Beginning at the line containing "松鼠和小熊是一对好朋友,它们", repeat each line below exactly up to and including the line containing "Description of work: ‘A". Do not repeat the pictures.

Source material Block Start

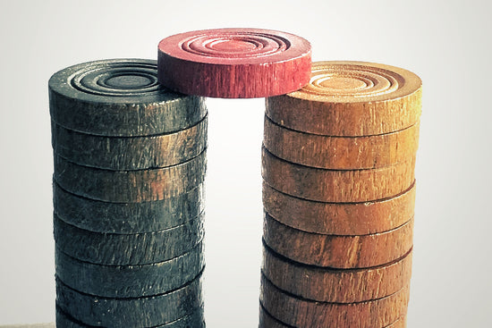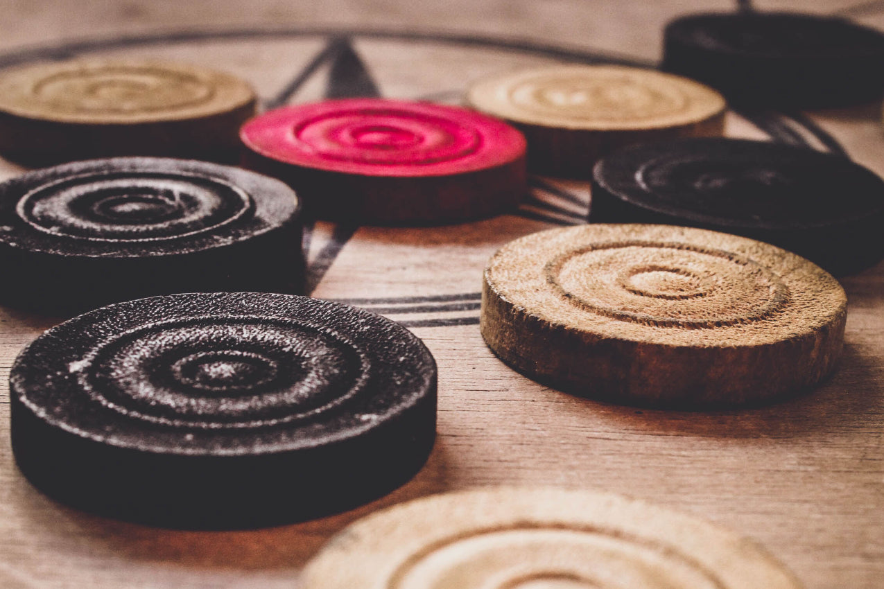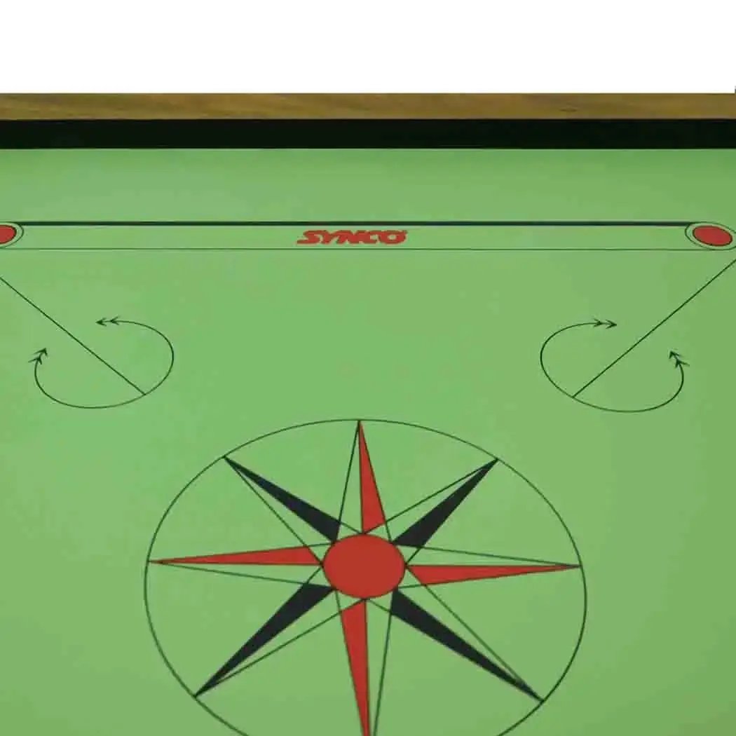 In Carrom the board, much like in chess or checkers, is the base where the game takes place. The standardized Carrom board needs to have a playing surface made of plywood or a similarly smooth and stable wood and cannot be less than 8mm thick. The official playing area needs to be a square measuring at 29" (74cm). The board itself will also be a square and its overall size will depend upon the dimensions of the frame which is made from different types of hardwood, such as rosewood.
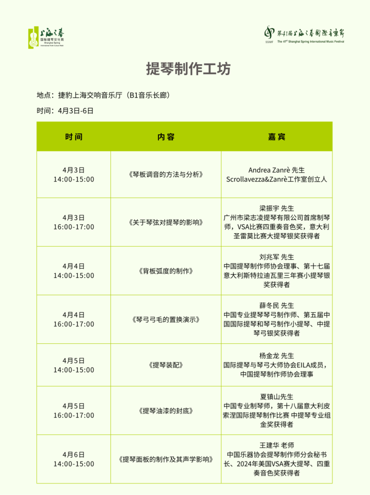 著名小提琴家林朝阳、李沛、王之炅、刘霄,提琴制作大师郑荃、华天礽、斯蒂芬·冯·巴伦(Stephan von Baehr)等名家大咖,将带来演奏、教学、鉴赏、制作、收藏等丰富内容,兼顾专业深度与大众普及,适配专业乐手、音乐院校学生、音乐学习家庭、古典乐爱好者等不同受众需求。
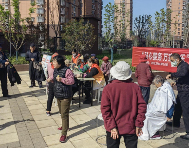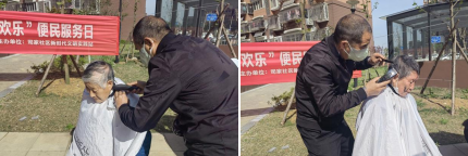 理發(fā)師認(rèn)真又耐心地根據(jù)每位居民的頭型特點(diǎn),精心為他們修剪頭發(fā);
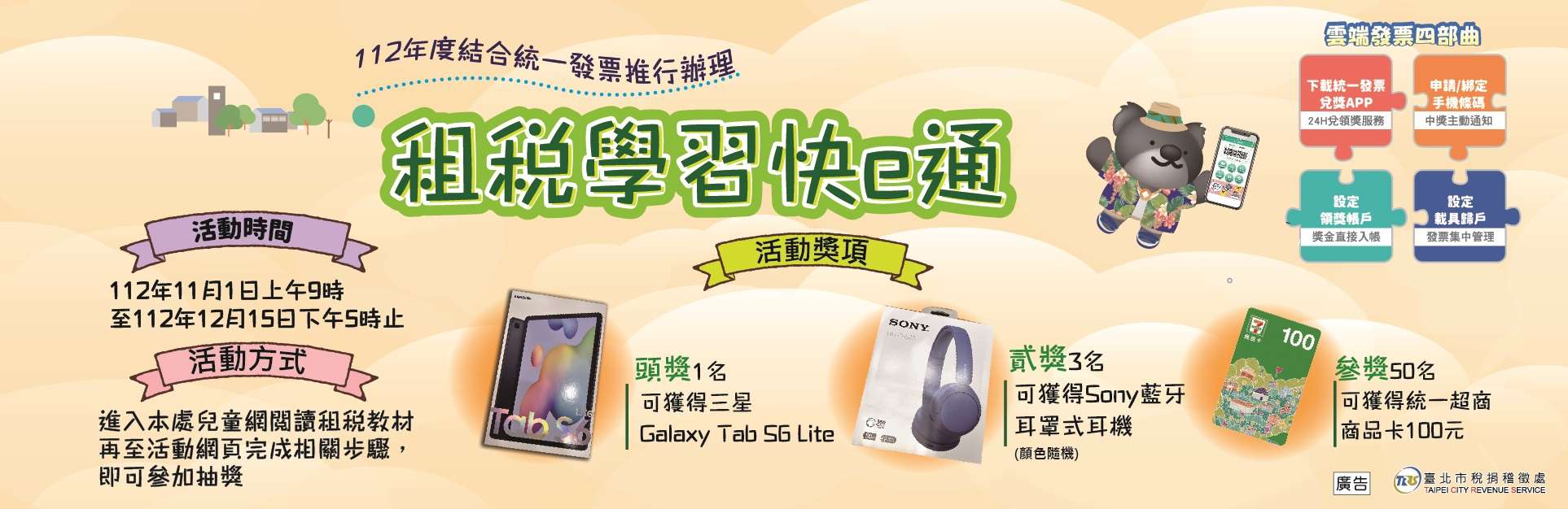 (二)活動內容:國中、國小學生於活動期間至「臺北市稅捐稽徵處兒童網」觀看租稅教育動畫或漫畫,將閱讀情形拍照上傳活動網頁,並正確回答租稅問題,就有機會獲三星Galaxy TabS6 Lite、Sony藍牙耳罩式耳機及統一超商商品卡100元等多項好禮!
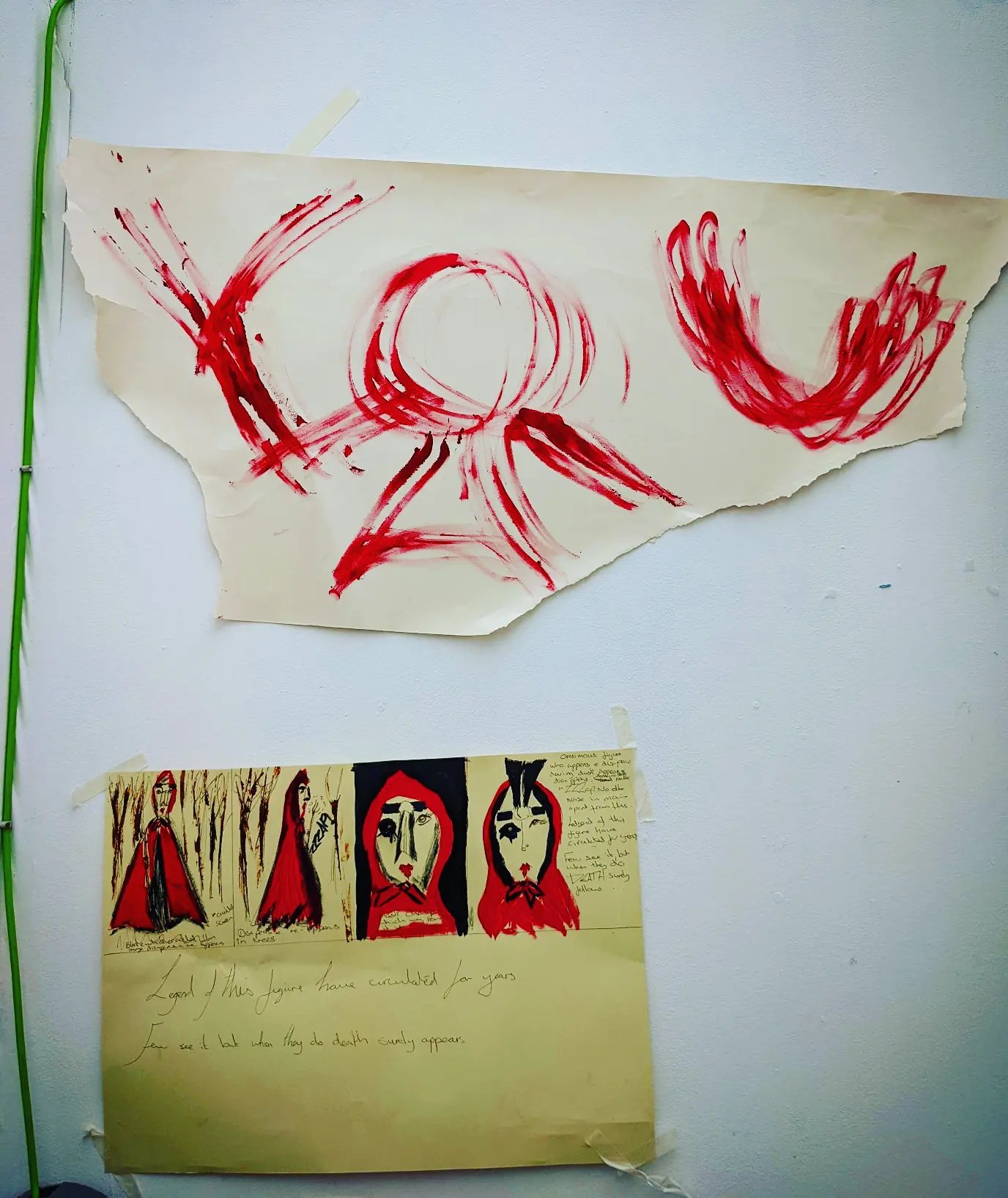 I decided to merge alot of the strong ideas together for the final assesment piece.I took Maria Fusco’s advice and filmed a performance piece where the Red Lady appears and leaves her mark and tell’s her story by making cave-like paintings.I felt that it was important to partially use natural colourings due to the Red Lady’s surrounding being the woods, so I mixed the compost used for the dig in a little water and used a mixture of sticks and an electric cable to paint the images I also mixed the red paint with compost water to give it a darker grungier tone.I also used the cable to scratch in some detail to show frustration,anger and a feeling of being on edge.It also helped with the primitive feel.
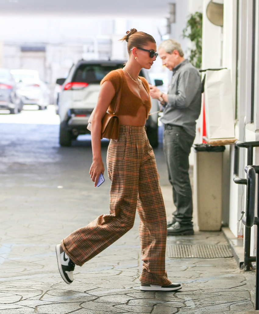 После летних поездок по Парижу и Греции, Хейли Бибер вернулась в свой родной город - Лос-Анджелес. Для повседневного выхода модница надела трикотажный топ из новой коллекции Jacquemus осень-зима 2021/2022, которая была представлена всего неделю назад брендом. Хейли стала одной из первых девушек, продемонстрировавших новый кашемировый топ в жизни. Она соединила свою новую вещь с широкими клетчатыми брюками, кедами Nike Air Jordan 1 и карамельной сумкой через плечо Rylan 4.2. Завершающей деталью стали ее фирменные многослойные цепочки.
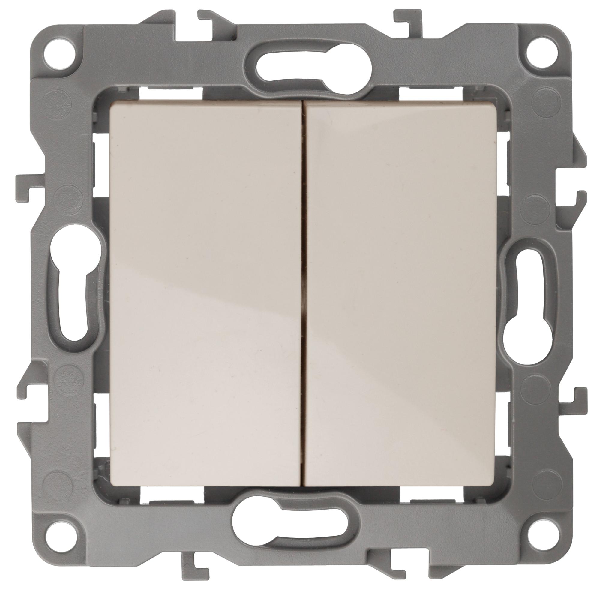 Выключатель 2-клавишный проходной серии Эра 12 скрытой установки механизм цвет слоновая кость 12-1106-02. Номинальные характеристики 10А 250В . Сделан из поликарбоната, оснащёно автоматическими клеммами для быстрй и надёжной фиксации жил кабеля в механиме. Парные клеммы обеспечивают соединение шлейфом. Монтаж в подрозетник производится и на лапки, и на винты. Рамки приобретаются отдельно. Рамки Эра 12: 1 пост 12-5001-хх, 2 поста 12-5002-хх, 3 поста 12-5003-хх, 4 поста 12-5004-хх, 5 постов 12-5005-хх. Рамки Эра 12 Сатин: 1 пост 12-5101-хх, 2 поста 12-5102-хх, 3 поста 12-5103-хх, 4 поста 12-5104-хх, 5 постов - 12-5105-хх (хх - код цвета: 01-белый, 02-слоновая кость, 03-алюминий, 04-шампань, 05-антрацит, 06-чёрный, 07-ольха(белёный дуб-сатин), 08-вишня, 09-дуб, 10-венге, 11-сосна, 21-жёлтый, 22-оранжевый, 23-красный, 24-охра, 25-бордо, 26-лайм, 27-зелёный, 28-голубой, 29-синий).
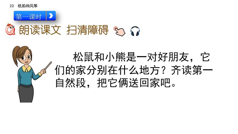 松鼠和小熊是一对好朋友,它们的家分别在什么地方?齐读第一自然段,把它俩送回家吧。
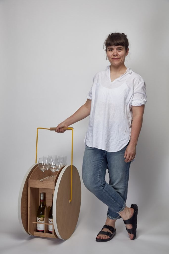 Description of work: ‘A rolling drinks cabinet made from oak with grey lino accents and yellow steel components.’
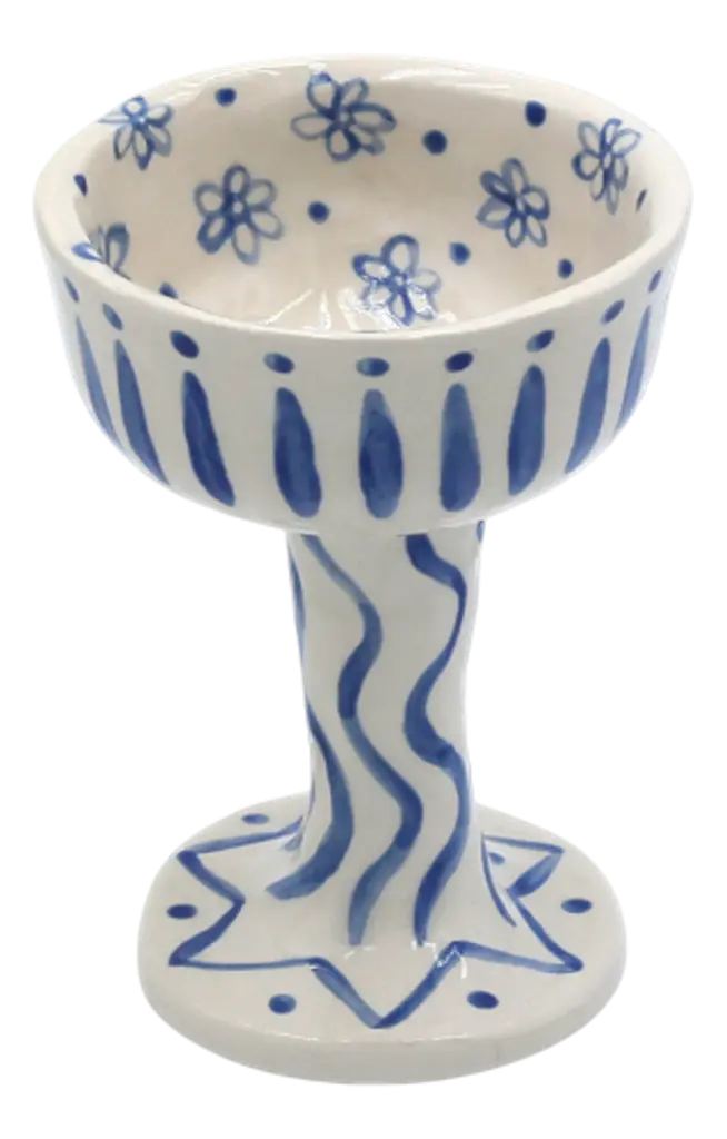 A single egg cup - mix and match to make a set! 2" wide x 2.25" high! The Art of Polish Pottery, as we know it today, started as local folk art centuries ago in the German province of Silesia. The first known pieces of “Bunzlauer” stoneware dating back to the 16th century were crafted by hand and decorated with a folk art stamping technique using potatoes. Original designs were inspired by the peacock feather using the colors of cobalt blue, sage green and ferrous red. These designs and colors are still the inspiration for modern day patterns.Today, skilled Polish artists still individually handcraft and hand decorate each piece using small sponges to stamp each pattern and color. After the process of mixing ingredients, molding the pottery, applying the decorations and glaze, the pottery is twice fired. This process makes the pottery extremely durable, it will not crack or chip easily, and it is perfect for use in the microwave, dishwasher, oven and freezer. Along with our pottery, we have sourced a range of absolutely beautiful hand blown glassware from Poland. It is the perfect addition to your Polish Pottery Collection!
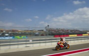 GRA310. ALCAÑIZ (TERUEL), 27/09/2014.- El piloto español de Moto GP, Marc Márquez, durante los entrenamientos libres llevados a cabo hoy, previos al Gran Premio de Aragón que se disputa mañana en el circuito Motorland de Alcañiz (Teruel). EFE/Javier Cebollada
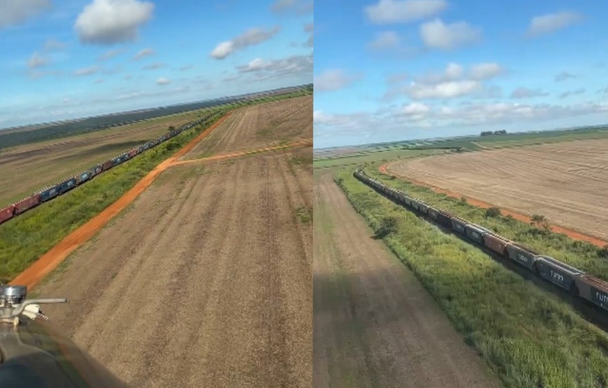 Um vídeo gravado por um avião ganhou repercussão nas redes sociais ao mostrar um trem de grande extensão cruzando uma área rural de Mato Grosso. As imagens revelam a dimensão da composição e integram o trem à paisagem típica do Centro-Oeste brasileiro.
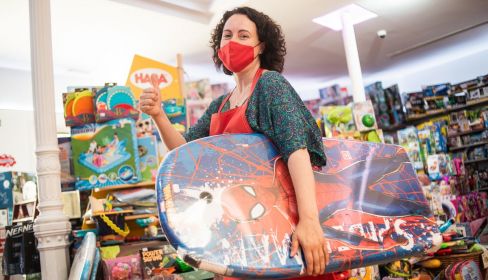 Igual que con el textil renuevas la ropa, en verano se renuevan los juguetes. O te vas a los hinchables o a los juegos de mesa, juguetes para jardín, para la calle... Ya etamos apartando mochilas para el nuevo curso, e incluso apartamos desde verano los juguetes que se llevarán los Reyes Magos. Tenemos al cliente que viene de fuera de Jerez, o el que retorna por vacaciones a su ciudad, y compran aquí porque el comercio en Jerez compite en precio.
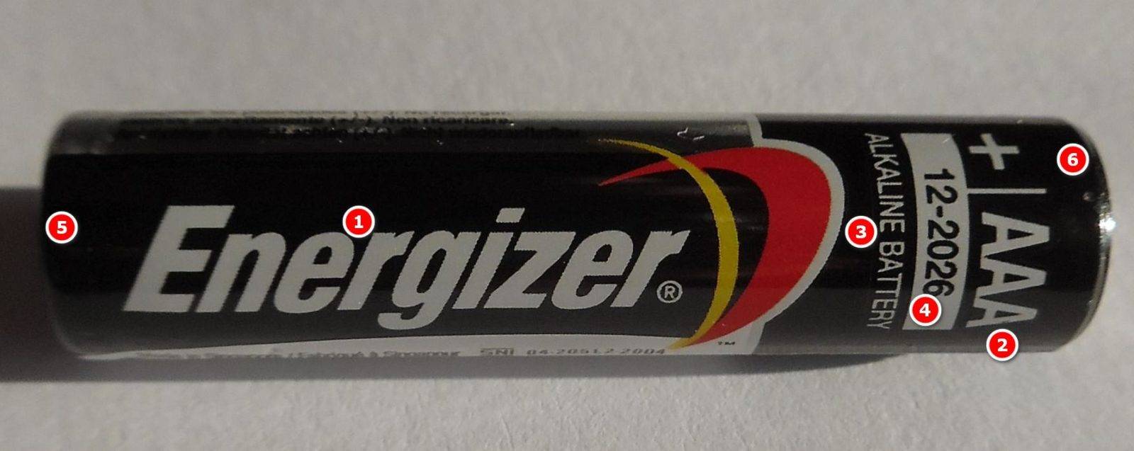 У всех мизинчиковых батарей положительный электрод является выступ на торце изделия, при этом он занимает размеры около трети диаметра (обозначается плюсом на корпусе). Отрицательный электрод — это плоская или слегка рельефная площадка на другом конце батарейки (обозначается минусом). Габариты у всех так же одинаковые, вес будет отличаться из-за разных технологий производства.

Source material Block End

- [Result of this exercise]:
 松鼠和小熊是一对好朋友,它们的家分别在什么地方?齐读第一自然段,把它俩送回家吧。
 Description of work: ‘A rolling drinks cabinet made from oak with grey lino accents and yellow steel components.’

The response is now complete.